▸ Exercise material:
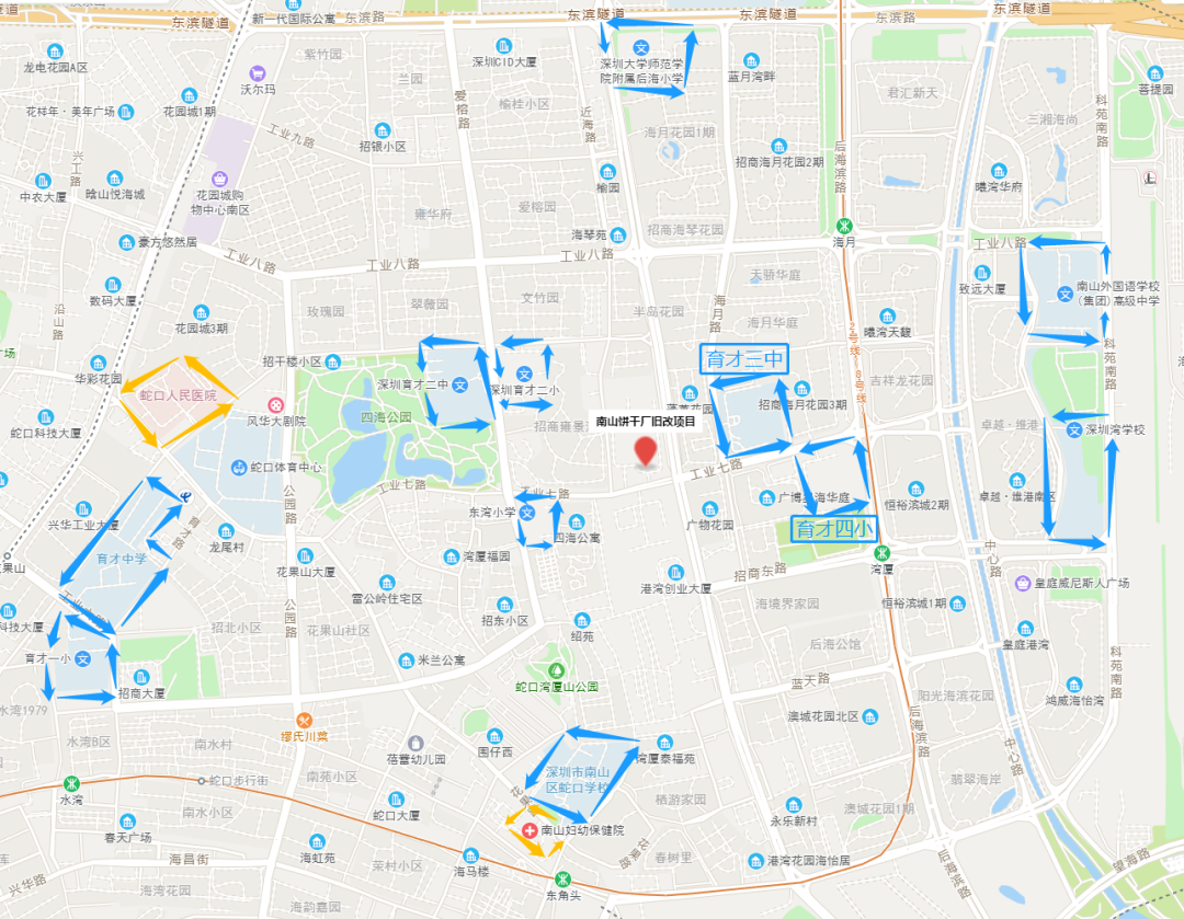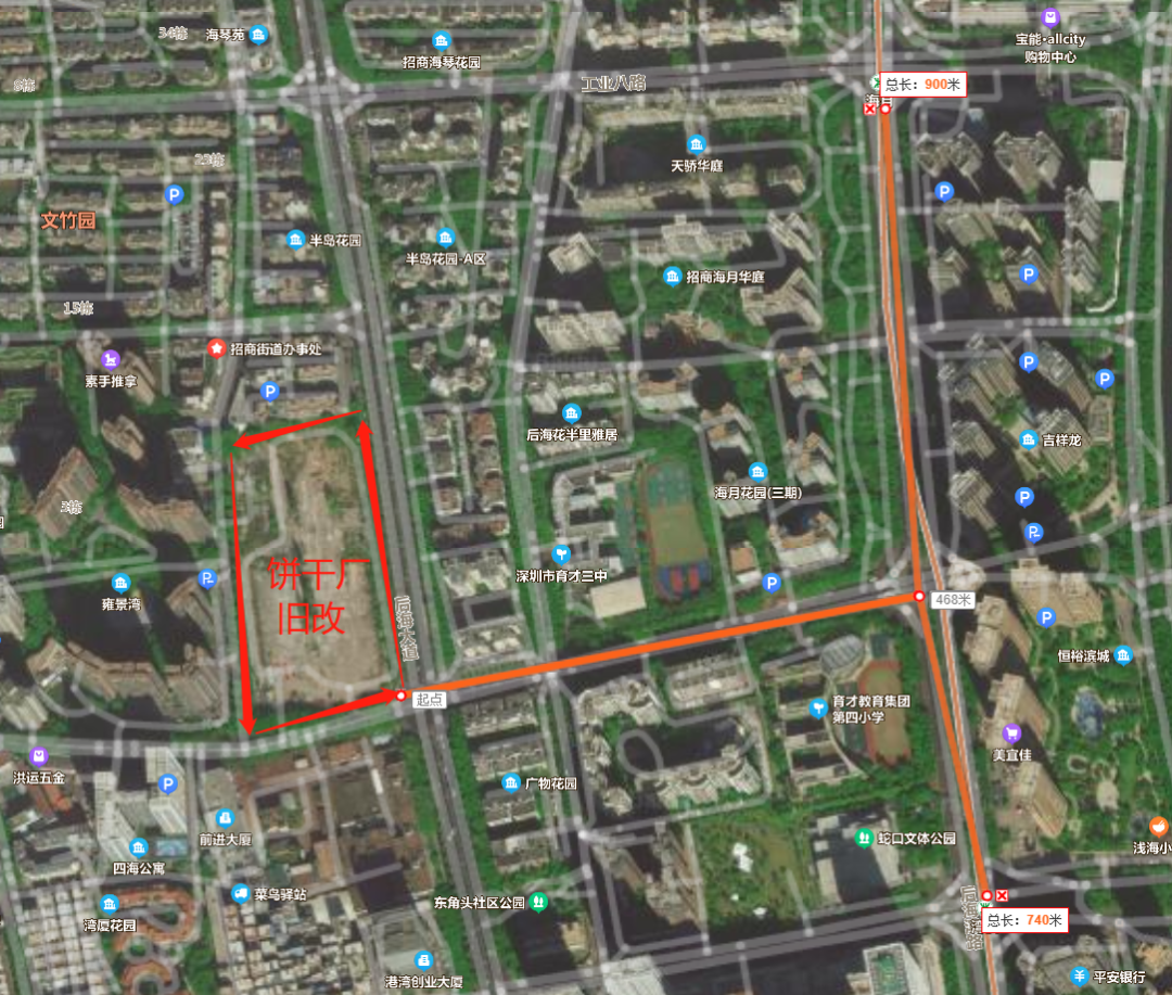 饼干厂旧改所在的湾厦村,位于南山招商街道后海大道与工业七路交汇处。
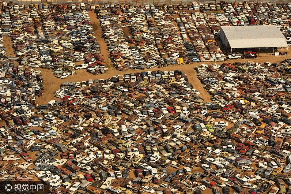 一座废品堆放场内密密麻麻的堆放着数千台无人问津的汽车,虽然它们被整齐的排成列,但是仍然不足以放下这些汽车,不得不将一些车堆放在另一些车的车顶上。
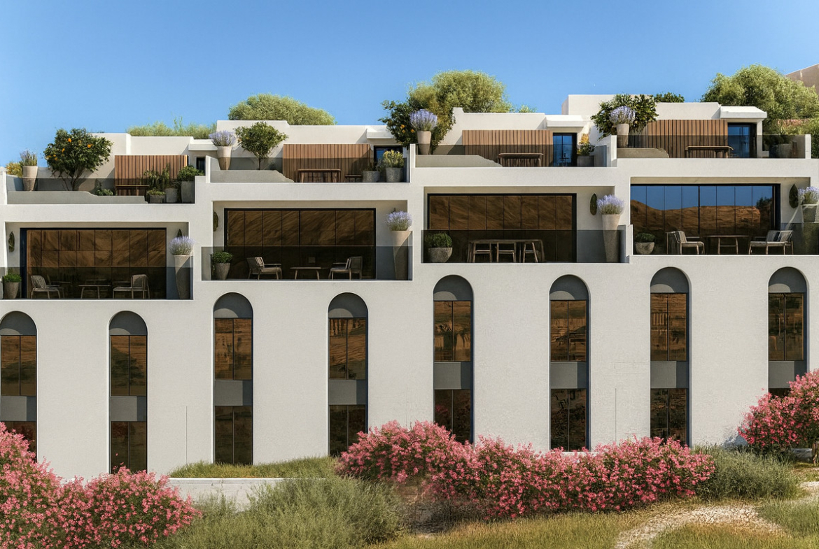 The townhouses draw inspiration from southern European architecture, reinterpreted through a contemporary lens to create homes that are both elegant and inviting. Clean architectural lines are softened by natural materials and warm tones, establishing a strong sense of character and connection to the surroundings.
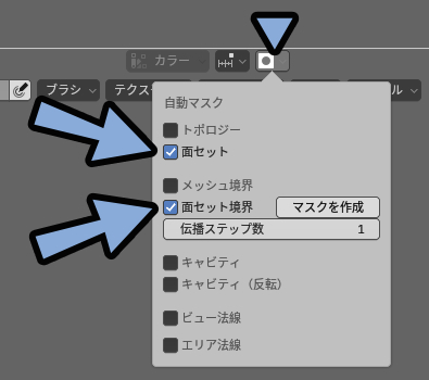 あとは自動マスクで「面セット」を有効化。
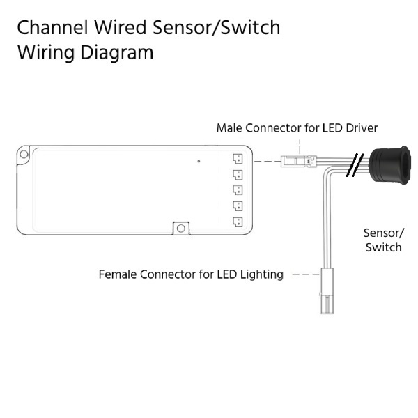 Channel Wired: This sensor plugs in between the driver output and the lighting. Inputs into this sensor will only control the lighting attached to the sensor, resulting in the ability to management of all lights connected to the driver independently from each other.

...

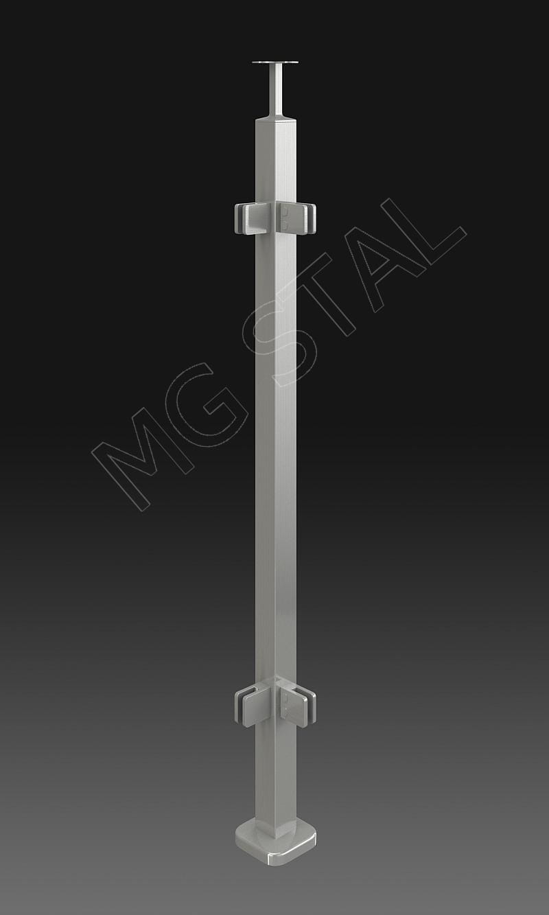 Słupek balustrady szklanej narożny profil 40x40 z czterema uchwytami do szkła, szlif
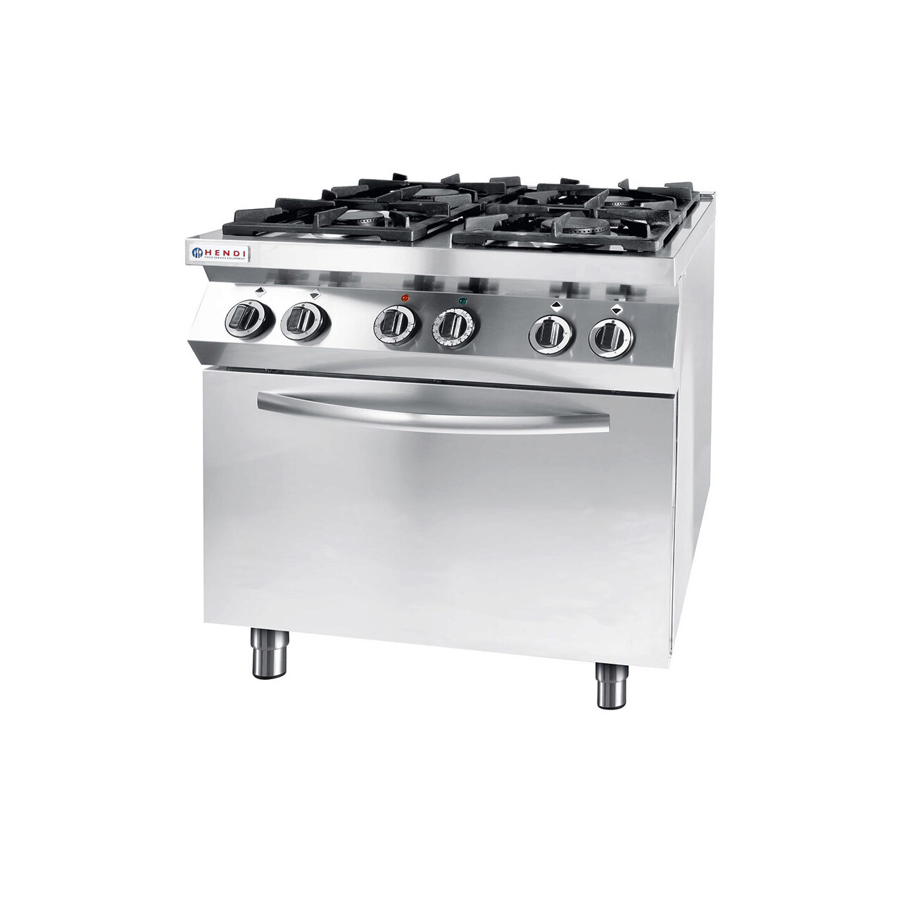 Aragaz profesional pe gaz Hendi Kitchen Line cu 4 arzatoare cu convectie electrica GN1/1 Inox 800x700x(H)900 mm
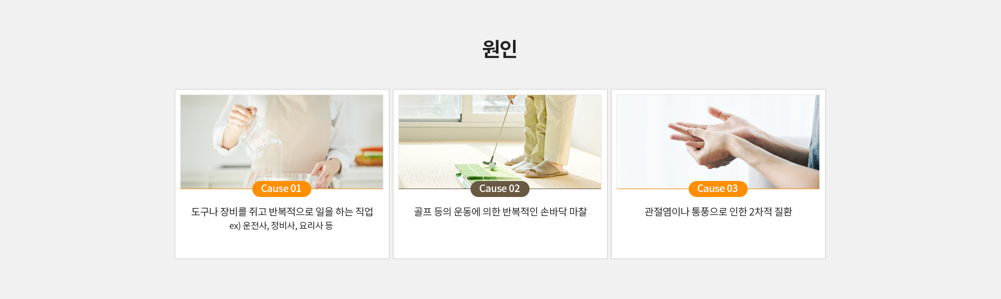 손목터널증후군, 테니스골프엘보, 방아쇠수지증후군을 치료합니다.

▸ Exercise instructions: Because only one stretch of the records is wanted, please output the lines from the one holding "あとは自動マスクで「面セット」を有効化。" through the one holding "Channel Wired: This" exactly, both included, and leave every picture out.

▸ Finished exercise:
 あとは自動マスクで「面セット」を有効化。
 Channel Wired: This sensor plugs in between the driver output and the lighting. Inputs into this sensor will only control the lighting attached to the sensor, resulting in the ability to management of all lights connected to the driver independently from each other.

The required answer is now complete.